You need to make that clear to your husband.

burnoutbabe · 25/09/2021 10:21

I can't think I have ever locked the bathroom door in my flat, I'd be very unhappy if I HAD to do that rather than my partner respecting a closed door.

We only have one bathroom /loo. So if someone is in the bath /shower and the other is desperate we would knock and the other leave the shower/bath briefly. But we generally do say -I am having a shower, do you need the bathroom first?

Not prudish to think you are entitled to privacy at times. You see the same thing about people working at home in a study and other person constantly interrupting them. When we are in meetings, doors shut to mean do not disturb bar emergency, door open meaning you can come in to offer tea.

LukeEvansWife · 25/09/2021 10:27

I hear you, OP. Explain to him that you don't like it.

Mn is an odd place where people have no problem with their kids and partners coming into the bathroom with them. I was taught boundaries from a young age - I wouldn't have been allowed to go into the bathroom or my parents' bedroom unless there was an emergency. This has meant I have boundaries as an adult.

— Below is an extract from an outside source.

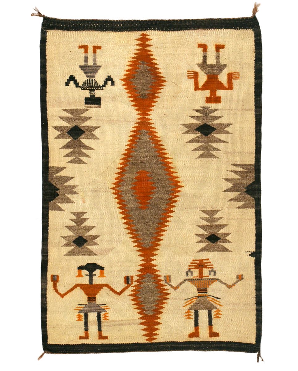 Navajo Pictorial Weaving. 4'2" x 2'10". A very nice old pictorial weaving with unusual Yei or human figures in each corner. Note the strange headdresses or heads on the figures. Circa 1920s-30s.

LukeEvansWife · 25/09/2021 10:29

Pressed send too soon.

You aren't a prude. Privacy should be the default, with it being relaxed if both people are okay with it.

Naunet · 25/09/2021 10:33

@Coogee

I don’t need to lock the door and tbh should not have to. I was just wondering what the consensus was.

You’re a prude.

You need to make that clear to your husband.

Don’t be an idiot. Women who don’t want to be perved on are not prudes, porn isn’t real life you know.